Topic Modeling
Topic modelling is an unsupervised text mining approach. Input: corpus of unstructured text documents with no labels (reviews, news) Output: Multiple topics for a single document or corpus
Steps:
Tokenize: split raw text into individual tokens
Bag-of-Words Model:
Method to move from tokens to numeric features
Each document is represented by a vector where m is the number of unique terms across all documents.
Create document-term matrix:
Each document can be represented as a term vector, with an entry indicating the number of time a term appears in the document:
Additional Preprocessing steps:
Minimum token length, like excluding tokens of length < 2
Converting all words to lowercase.
Filter stop words
Stemming
Translate Document Term Matrix to:
TF-IDF in order to give higher weights to more “important” terms.
TF-IDF: Common approach for weighting the score for a term in a document.
Term Frequency: Number of times a given term appears in a single document.

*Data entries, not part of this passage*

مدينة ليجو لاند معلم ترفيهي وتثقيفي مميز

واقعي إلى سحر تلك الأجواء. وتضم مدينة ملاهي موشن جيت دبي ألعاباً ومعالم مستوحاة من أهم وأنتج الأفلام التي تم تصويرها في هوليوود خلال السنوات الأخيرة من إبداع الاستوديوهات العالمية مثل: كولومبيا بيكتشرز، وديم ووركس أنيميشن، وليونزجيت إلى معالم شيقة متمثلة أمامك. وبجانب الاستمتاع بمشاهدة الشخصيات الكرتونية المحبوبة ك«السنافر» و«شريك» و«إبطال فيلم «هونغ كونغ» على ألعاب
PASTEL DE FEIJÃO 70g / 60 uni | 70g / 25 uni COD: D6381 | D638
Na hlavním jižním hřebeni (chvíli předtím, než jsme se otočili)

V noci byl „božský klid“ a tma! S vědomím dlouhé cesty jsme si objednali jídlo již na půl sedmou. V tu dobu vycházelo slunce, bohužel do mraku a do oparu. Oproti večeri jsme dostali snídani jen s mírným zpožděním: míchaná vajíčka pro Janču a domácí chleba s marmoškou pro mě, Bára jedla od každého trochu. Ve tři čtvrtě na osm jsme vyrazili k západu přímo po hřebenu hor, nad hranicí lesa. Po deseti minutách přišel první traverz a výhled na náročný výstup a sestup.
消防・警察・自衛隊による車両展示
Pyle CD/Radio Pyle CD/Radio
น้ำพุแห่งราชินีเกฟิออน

Inverse Document Frequency: basically penalizes common terms that appear in almost every document.
Two Topic Modeling Approaches:
Probabilistic - view each document as a mixture of a small number of topics where words and documents get probability scores for each topic.
Latent Dirichlet Allocation (LDA)
Matrix Factorisation - apply methods from linear algebra to decompose a single matrix into a set of smaller matrices.

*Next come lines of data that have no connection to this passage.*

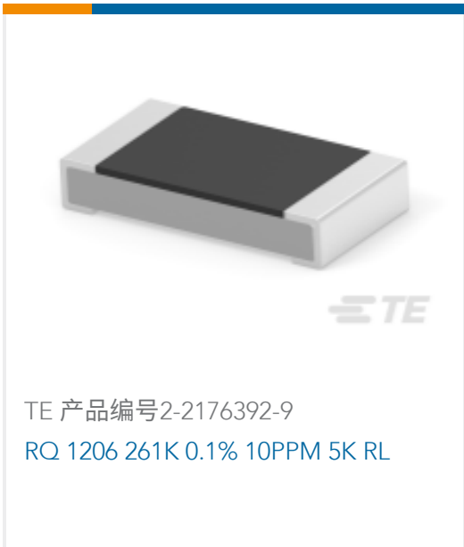
TE 产品编号2-2176392-9 RQ 1206 261K 0.1% 10PPM 5K RL
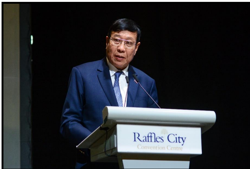
ศาสตราจารย์พิเศษพรเพชร วิชิตชลชัย ประธานสภานิติบัญญัติแห่งชาติ ขณะกล่าวสุนทรพจน์ต่อที่ประชุมใหญ่สมัชชารัฐสภาอาเซียน ครั้งที่ ๓๙

ภารกิจสำคัญของที่ประชุมคือการรับฟังคำกล่าวของหัวหน้าคณะผู้แทนรัฐสภาสมาชิกและคณะผู้แทนรัฐสภาผู้สังเกตการณ์ที่มาร่วมการประชุม สำหรับคณะผู้แทนสภานิติบัญญัติแห่งชาติ ประธานสภานิติบัญญัติแห่งชาติได้กล่าวสุนทรพจน์ ซึ่งมีสาระสำคัญ ๓ ประการ ประการแรก คือ สภานิติบัญญัติแห่งชาติเน้นย้ำความสำคัญของ AIPA ในฐานะเวทีความร่วมมือระหว่างรัฐสภาระดับภูมิภาค ซึ่งเปิดโอกาสให้บรรดาสมาชิกรัฐสภาได้อภิปราย แบ่งปัน และแลกเปลี่ยนแนวปฏิบัติต่าง ๆ อันเป็นประโยชน์ร่วมกัน ประการที่สอง คือ สภานิติบัญญัติแห่งชาติหวังว่า AIPA จะมีท่าทีที่ยืดหยุ่นและสร้างสรรค์ต่อภัยคุกคามข้ามพรมแดน อาทิ การก่อการร้าย อาชญากรรมไซเบอร์ การค้ามนุษย์ และผลกระทบจากภัยธรรมชาติ พร้อมนี้ได้ยกตัวอย่างเหตุการณ์ที่เกี่ยวข้องและเกิดขึ้นเมื่อไม่นานมานี้ เช่น เหตุการณ์ทีมฟุตบอลเยาวชนติดอยู่ในถ้ำหลวง จังหวัดเชียงราย เหตุการณ์เขื่อนแตกที่จังหวัดอุตรดิตถ์ปี สาธารณรัฐประชาธิปไตยประชาชนลาว และเหตุการณ์แผ่นดินไหวบนเกาะลอมบอก สาธารณรัฐอินโดนีเซีย และประการสุดท้าย คือ สภานิติบัญญัติแห่งชาติหวังว่า AIPA จะมีบทบาทมากขึ้นในการ
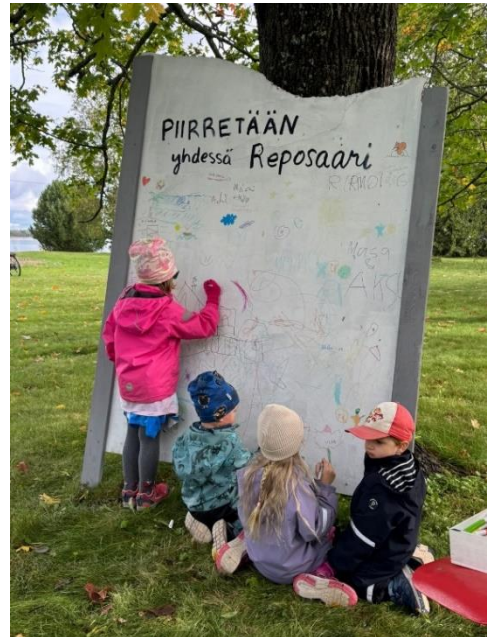
Satamapuisto soi ja tanssii (Räpsöön puuhapäivä)
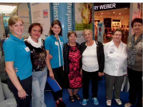
Besuch der Diabetesmesse mit russischsprachiger Gesundheitsgruppe

Non-negative Matrix Factorisation (NMF)
Evaluate number of topics:
Perplexity: how surprised a model is of new data it has not seen before, and is measured as the normalized log-likelihood of a held-out test set.
Coherence: Measures score a single topic by measuring the degree of semantic similarity between high scoring words in the topic.
NFM Model
NMF can be applied for topic modeling, where the input is a document-term matrix
Input: Document-term matrix A; Number of topics k.

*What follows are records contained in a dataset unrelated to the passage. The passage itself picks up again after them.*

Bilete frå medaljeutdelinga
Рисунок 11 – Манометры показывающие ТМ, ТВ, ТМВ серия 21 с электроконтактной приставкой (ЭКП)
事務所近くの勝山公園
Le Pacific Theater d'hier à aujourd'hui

Output: Two k-dimensional factors W and H approximating A H Factor:
Contains term weights relative to each of the k topics.
Each row corresponds to a topic, and each column corresponds to a unique term in the corpus vocabulary.
Sorting the values in each row gives us a ranking of terms W Factor
Contains document membership weights across the k topics.
Each row corresponds to a different document, and each column corresponds to a topic.
Sorting the values gives us a ranking of the most relevant documents for each topic.
Latent Dirichlet Allocation
LDA assumes that all words in the document can be assigned a probability of belonging to a topic.
Topics in a document are unknown, but the idea is topics are present as the text is generated based on a distribution of topics and distribution of words in that topic.
Goal
Determine the number of topics that a document contains.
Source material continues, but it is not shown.